И Ерофей Кузьмич весь сжался и стал таким маленьким и хилым на вид, что Квейс, стараясь ободрить его, сказал:

— Мой солдат будет помогат. Ты понял, да?

— Все одно! — Ерофей Кузьмич махнул шапкой. — Деревня вон какая! Ее обежать надо. Где мне?

Подумав, комендант Квейс предложил старосте взять себе двух помощников из жителей деревни.

— Это будет полицай, — пояснил Квейс.

— Вот это другое дело! — сразу согласился Ерофей Кузьмич.

Одного человека на должность полицая нашли быстро. Это был Ефим Чернявкин. Но другого, сколько ни ломал голову Ерофей Кузьмич, в Ольховке не находилось. Пообещав все же подыскать подходящего человека, Ерофей Кузьмич, охая, нетвердой, старческой походкой ушел из комендатуры.

Направляясь домой, он заглянул на минуту к Лукерье Бояркиной. Вызвав ее в сенцы, прежде всего справился о сватье Макарихе.

— Не знаешь, как она там? — спросил он. — Своя ведь, вот и тревожится сердце. И дойти сейчас некогда.

— Плохо, Кузьмич! — всхлипнула Лукерья. — Прямо на руках унесли. Замертво лежит. И не знаю, отдышит ли.

— Чего она так, а? — поинтересовался Ерофей Кузьмич. — Мне, видишь ли, не с руки встревать в это дело… Чего она так, больше всех убивается об Осипе?

— Не знаю, Кузьмич, не придумаю.

— Да-а… — помялся Ерофей Кузьмич. — А я к тебе, Лукерья, по важнейшему секретному делу зашел. Анфиса Марковна, та сейчас не может, так ты сама, что ли, обеги баб сейчас же… Обеги и скажи: прячьте, бабы, хлеб, прячьте как можно лучше, пока не поздно. — Он нагнулся к Лукерье, пояснил: — Невиданный налог наложили! Всю деревню оберут догола! Завтра же, должно, пойдут рыскать по дворам. Кто не спрячет — пропащее дело.

— Да что ты, Кузьмич! — сказала Лукерья, клонясь на косяк двери.

— Гляди, меня не выдай! — сказал Ерофей Кузьмич, бросив на Лукерью быстрый взгляд. — О всем колхозе пекусь. Может, еще успеют попрятать, у кого лежит открыто. А обо мне кто пикнет — тогда мне, Лукерья, рядом с Осипом быть. Гляди!

У ворот его встретил Лозневой. Угодливо открыв перед хозяином калитку, он с живостью начал объяснять жестами и мимикой, что закончил все порученные ему дела по хозяйству. Ерофей Кузьмич остановился и, сам прикрывая калитку, внимательнее, чем обычно за последнее время, осмотрел Лозневого. Тот был в потертом армячишке, в разбитых, грязных ботинках, согбенный и худой, с хилой порослью на подбородке, — всем жалким видом своим он напоминал бедного татарина-старьевщика, какие в старое время бродили со своими мешками по свалкам и дворам, собирая разное барахло.

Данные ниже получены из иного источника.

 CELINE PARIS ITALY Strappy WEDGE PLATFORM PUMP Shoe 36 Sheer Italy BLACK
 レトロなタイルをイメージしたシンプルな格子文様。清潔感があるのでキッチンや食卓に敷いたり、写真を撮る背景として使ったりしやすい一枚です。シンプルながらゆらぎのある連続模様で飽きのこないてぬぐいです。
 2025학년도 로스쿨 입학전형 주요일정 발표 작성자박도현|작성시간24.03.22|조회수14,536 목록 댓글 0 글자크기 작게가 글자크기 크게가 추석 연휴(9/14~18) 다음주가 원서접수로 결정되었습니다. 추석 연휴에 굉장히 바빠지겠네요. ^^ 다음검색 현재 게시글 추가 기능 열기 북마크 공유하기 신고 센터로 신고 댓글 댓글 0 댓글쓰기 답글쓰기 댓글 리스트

Только в глазах у него в иные мгновения сквозил тот железный блеск, какой так крепко запомнился Ерофею Кузьмичу при первой их встрече. "До чего дожил! — брезгливо подумал Ерофей Кузьмич. — Теперь ему одна дорога".

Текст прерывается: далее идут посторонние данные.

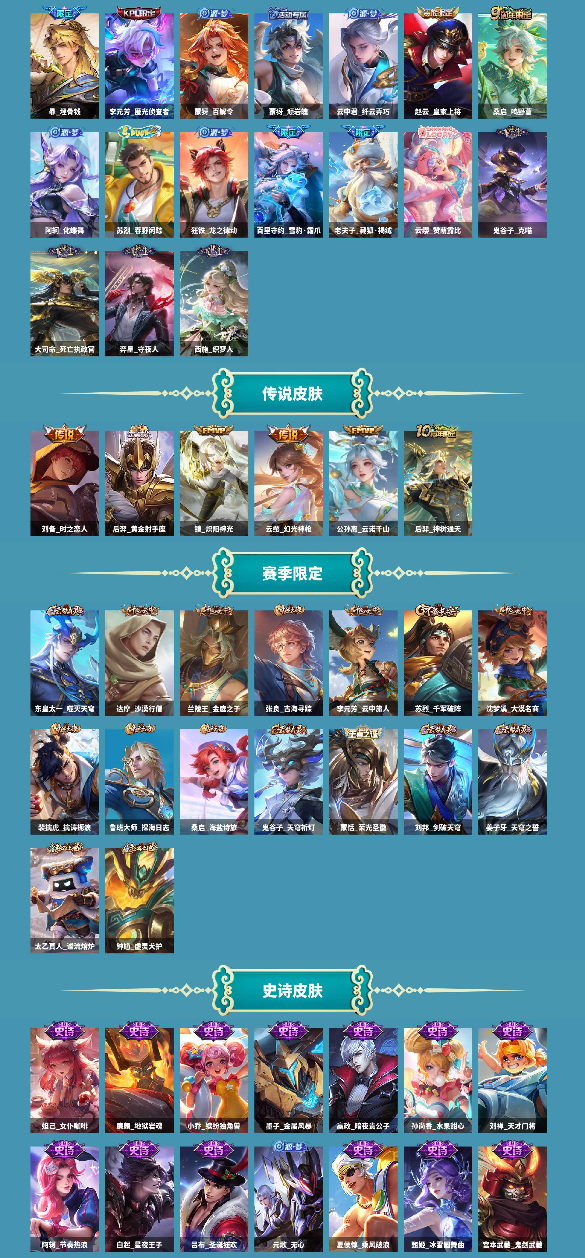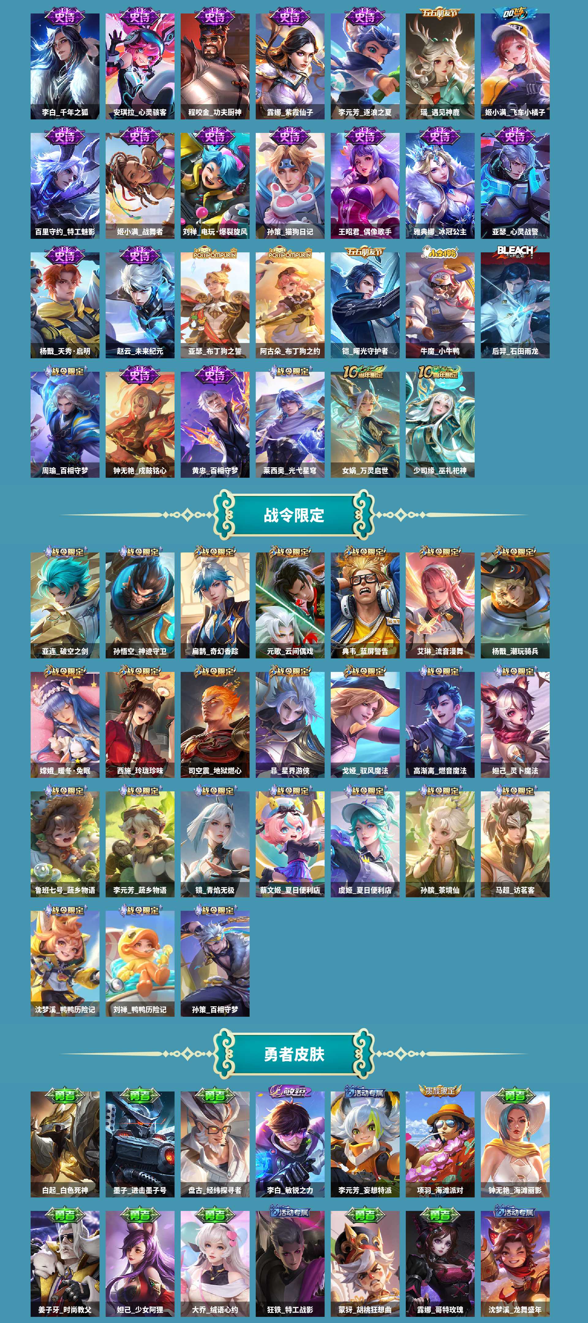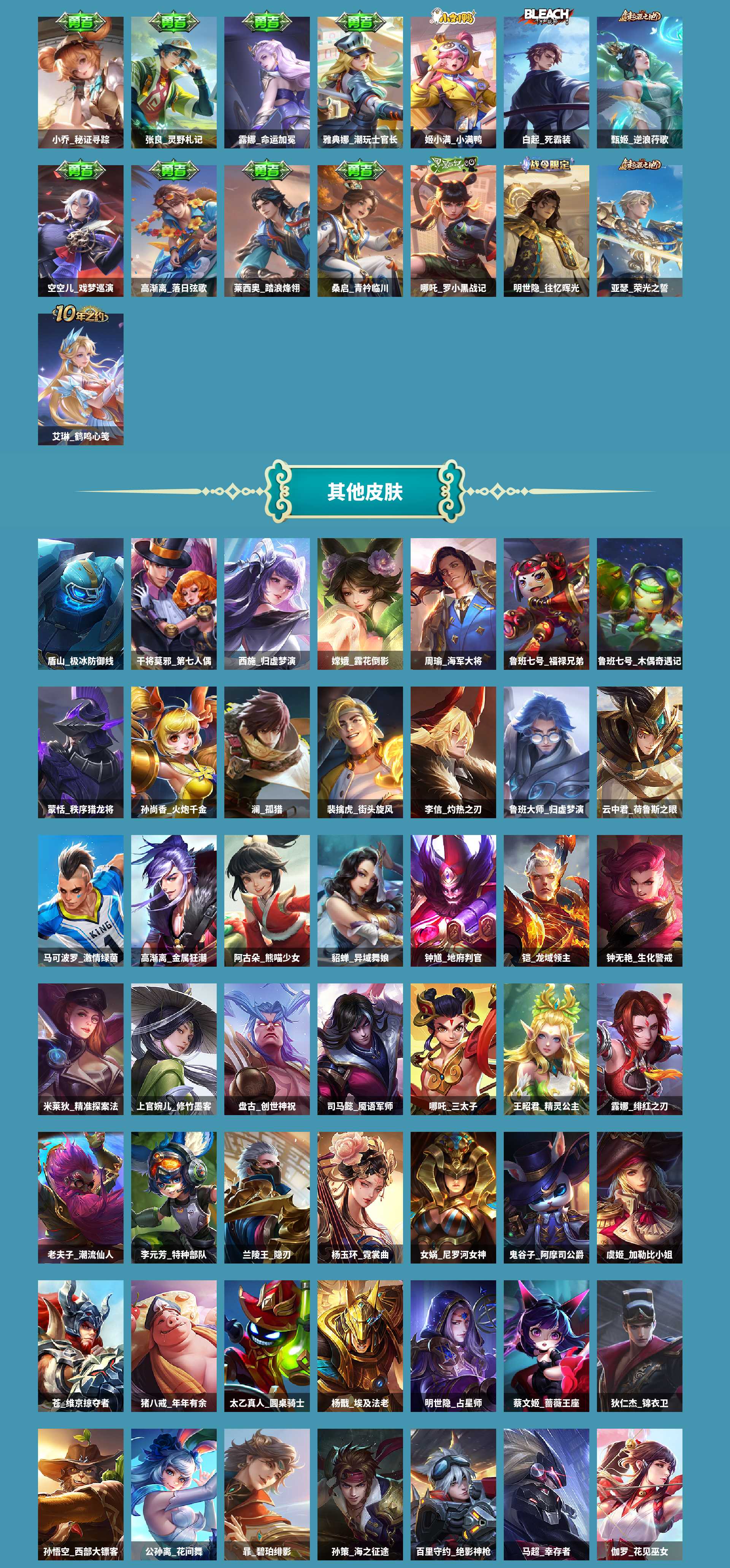 al632563 【极品账号5珍品传说10传说295皮肤】 皮肤数295 皮肤价值198752 传说皮肤数10 珍品传说皮数5 史诗皮肤数77 英雄数127 营地id1790204609 贵族等级【文本】贵族7级 【贵族7级】 【可排位】 【是】 星元皮肤1 荣耀典藏1 珍品传说5 内测皮肤2 年限皮肤4 限定皮肤83 赛季限定18 史诗皮肤76 战令限定27 勇者皮肤134 其他皮肤66 星元皮肤:鲁班七号寅虎焰心; 荣耀典藏:韩信弑呛猎影; 珍品传说:宫本武藏黑崎一护,暃朽木白哉,安琪拉酷洛米之心,瑶大耳狗之梦,张飞兔狲蓬尾; 内测皮肤:弈星万物之道,艾琳女武神; 年限皮肤:杨玉环寅虎心曲,虞姬愿照岁时盈,安琪拉乘龙聚宝船,澜愿照九州拓; 限定皮肤:少司缘巫礼祀神,元歌云间偶戏,西施织梦人,镜青焰无极,鬼谷子克喵,大司命死亡执政官,弈星守夜人,云缨赞萌露比,宫本武藏黑崎一护,杨玉环寅虎心曲,暃朽木白哉,后羿石田雨龙,白起死霸装,姬小满小满鸭,牛魔小牛鸭,安琪拉酷洛米之心,瑶大耳狗之梦,狄仁杰鹰眼统帅,弈星万物之道,亚瑟布丁狗之誓,虞姬愿照岁时盈,张飞兔狲蓬尾,桑启海盐诗旅,阿古朵江河有灵,蒙恬荣光圣徽,蒙犽顽岩魄,蔡文姬夏日便利店,孙膑茶境仙,戈娅驭风魔法,元歌无心,嫦娥拒霜思,百里玄策超元猎域,暃埋骨钱,老夫子_藏狐·褐绒,百里守约雪豹霜爪,大乔白鹤梁神女,阿轲化蝶舞,鬼谷子五谷丰年,司空震地狱燃心,狄仁杰魔术师,扁鹊奇幻香踪,高渐离燃音魔法,亚连破空之剑,狂铁龙之律动,暃星界游侠,赵云皇家上将,鲁班七号蔬乡物语,典韦蓝屏警告,云中君纤云弄巧,李元芳匿光侦查者,蒙犽百解令,东皇太一噬灭天穹,太乙真人谧流熔炉,刘邦剑破天穹,沈梦溪龙舞盛年,鬼谷子天穹祈灯,狄仁杰阴阳师,达摩沙漠行僧,桑启鸣野蒿,沈梦溪大漠名商,鲁班大师探海日志,张良古海寻踪,苏烈春野闲踪,妲己灵卜魔法,艾琳流音漫舞,艾琳女武神,李元芳蔬乡物语,李元芳云中旅人,马超访茗客,项羽海滩派对,杨戬潮玩骑兵,苏烈千军破阵,安琪拉乘龙聚宝船,姜子牙天穹之誓,嫦娥暖冬兔眠,裴擒虎擒涛扼浪,兰陵王金庭之子,虞姬夏日便利店,盘古敬我三分,钟馗虚灵犬护,西施玲珑珍味,孙悟空神迹守卫,澜愿照九州拓; 赛季限定:亚瑟荣光之誓,甄姬逆浪荇歌,桑启海盐诗旅,蒙恬荣光圣徽,东皇太一噬灭天穹,太乙真人谧流熔炉,刘邦剑破天穹,鬼谷子天穹祈灯,达摩沙漠行僧,沈梦溪大漠名商,鲁班大师探海日志,张良古海寻踪,李元芳云中旅人,苏烈千军破阵,姜子牙天穹之誓,裴擒虎擒涛扼浪,兰陵王金庭之子,钟馗虚灵犬护; 史诗皮肤:嬴政暗夜贵公子,露娜紫霞仙子,少司缘巫礼祀神,女娲万灵启世,莱西奥光弋星穹,元歌云间偶戏,西施织梦人,镜青焰无极,黄忠百相守梦,吕布圣诞狂欢,云缨赞萌露比,姬小满飞车小橘子,杨玉环寅虎心曲,钟无艳戍鼓铭心,周瑜百相守梦,后羿石田雨龙,牛魔小牛鸭,杨戬天秀启明,狄仁杰鹰眼统帅,弈星万物之道,阿古朵_布丁狗之约,亚瑟布丁狗之誓,孙策猫狗日记,阿古朵江河有灵,蒙恬荣光圣徽,蒙犽顽岩魄,蔡文姬夏日便利店,孙膑茶境仙,雅典娜冰冠公主,戈娅驭风魔法,宫本武藏鬼剑武藏,刘禅电玩爆裂旋风,刘禅天才门将,亚瑟心灵战警,程咬金功夫厨神,廉颇地狱岩魂,甄姬冰雪圆舞曲,元歌无心,嫦娥拒霜思,百里玄策超元猎域,姬小满战舞者,暃埋骨钱,墨子金属风暴,小乔缤纷独角兽,赵云未来纪元,铠曙光守护者,百里守约雪豹霜爪,百里守约特工魅影,妲己女仆咖啡,大乔白鹤梁神女,阿轲化蝶舞,鬼谷子五谷丰年,司空震地狱燃心,狄仁杰魔术师,刘禅鸭鸭历险记,扁鹊奇

— Чего показываешь? Что у тебя там? Что руками-то крутишь? заговорил Ерофей Кузьмич, как всегда, шумливо и властно, делая вид, что никак не может понять Лозневого. — Говори толком! Ну? — И неожиданно добавил: — Все одно уж теперь!

На секунду Лозневой замер, широко открыв глаза.

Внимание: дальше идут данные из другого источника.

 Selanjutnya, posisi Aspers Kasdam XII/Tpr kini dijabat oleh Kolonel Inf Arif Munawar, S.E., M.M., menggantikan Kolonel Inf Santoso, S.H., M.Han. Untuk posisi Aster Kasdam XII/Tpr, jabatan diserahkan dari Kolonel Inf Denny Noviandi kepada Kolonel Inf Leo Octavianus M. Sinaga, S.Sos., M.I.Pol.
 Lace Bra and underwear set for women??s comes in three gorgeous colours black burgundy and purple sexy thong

— Говорить? — прошептал он затем, и у него сами собой упали руки. Ерофей Кузьмич! — И быстро потянулся вперед татарской бородкой. — Что случилось?

— А то, что и быть должно, — сурово ответил Ерофей Кузьмич. — Выдали тебя, вот что!

— Меня? Выдали? Кто?

— А это не мне знать. Нашлись такие. Кто вон, скажем, нашего завхоза выдал? И на тебя нашлись. А я упреждал! Вспомни-ка!

— Ерофей Кузьмич!

— Не знаю, как и спас меня господь, — не слушая Лозневого, продолжал Ерофей Кузьмич и, будто вспомнив, что пережил недавно, прикрыл глаза и горько покачал бородой. — Кинулся на меня, как зверь какой. Думал, так и растерзает на месте. А за тобой тем же моментом хотел послать да вон — на березы. Вот как вышло!

Лозневой стоял пошатываясь: у него дергались скулы и бородка, а глаза помутнели, как у пьяного. Изредка он, морщась, шептал беззвучно:

— Ерофей Кузьмич!

— Ну, не хнычь! — прикрикнул на него хозяин. — Меня господь спас, а я — тебя. Из петли, можно сказать, вынул. Застоял. Не знаю, будешь, ли помнить мое добро? За что, думаю, погибать человеку? Нет, говорю, он не такой, он против большевиков и власти ихней.

В глазах Лозневого засверкали слезы.

— Да, да! Это так, — прошептал он, ошалело смотря на хозяина.